1982 — Kidnapping ...then Murder
Rosalyn Nelson, the 34-year-old mother of 9year-old Jennifer Barden who was abducted from her Gallatin home just months before (and later discovered dead in Oklahoma), was charged with murdering her husband in an Aug. 6 arson fire. Mrs. Nelson was sentenced to two years probation.

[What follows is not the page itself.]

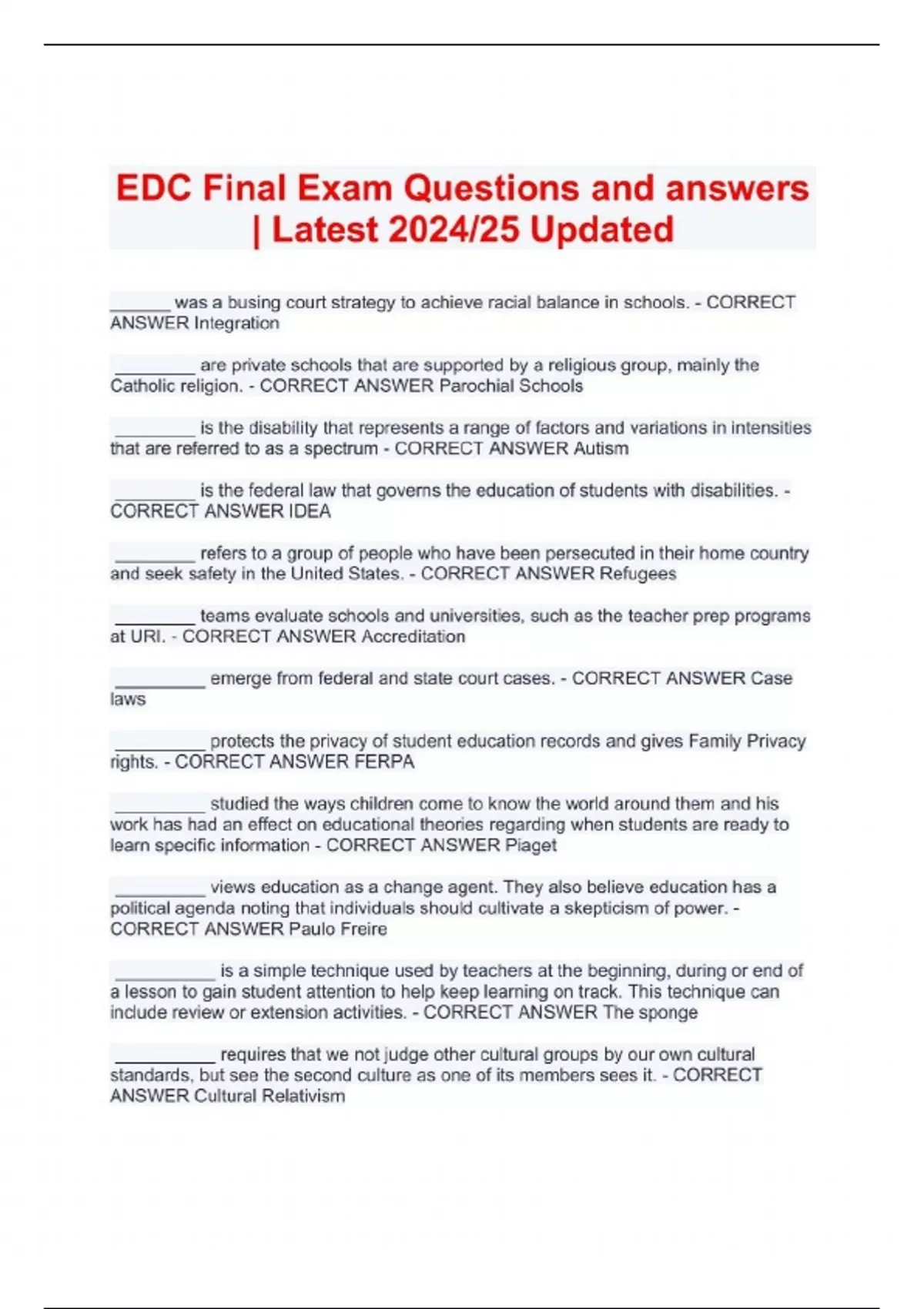 EDC Final Exam Questions and answers | Latest 2024/25 Updated

1982 — Double-murder Suicide
A deranged George Page approached the Tom Bergman farm northwest of Gallatin with revenge in his heart for business dealings gone sour. He thought Bergman owed him $20,000 for his work prospecting for gold in Alaska during the summer of 1980. By the time the 30-year-old man put a gun to his mouth and killed himself, he had devastated three families and robbed 13 children of their mother or father. Killed were Kevin Bergman, 16, Carl Bergman, 12, and the mother of nine children, Mary Bergman. Also murdered was John Ed Ramsbottom, an electrician who happened to be working at the Bergman farmstead at the time.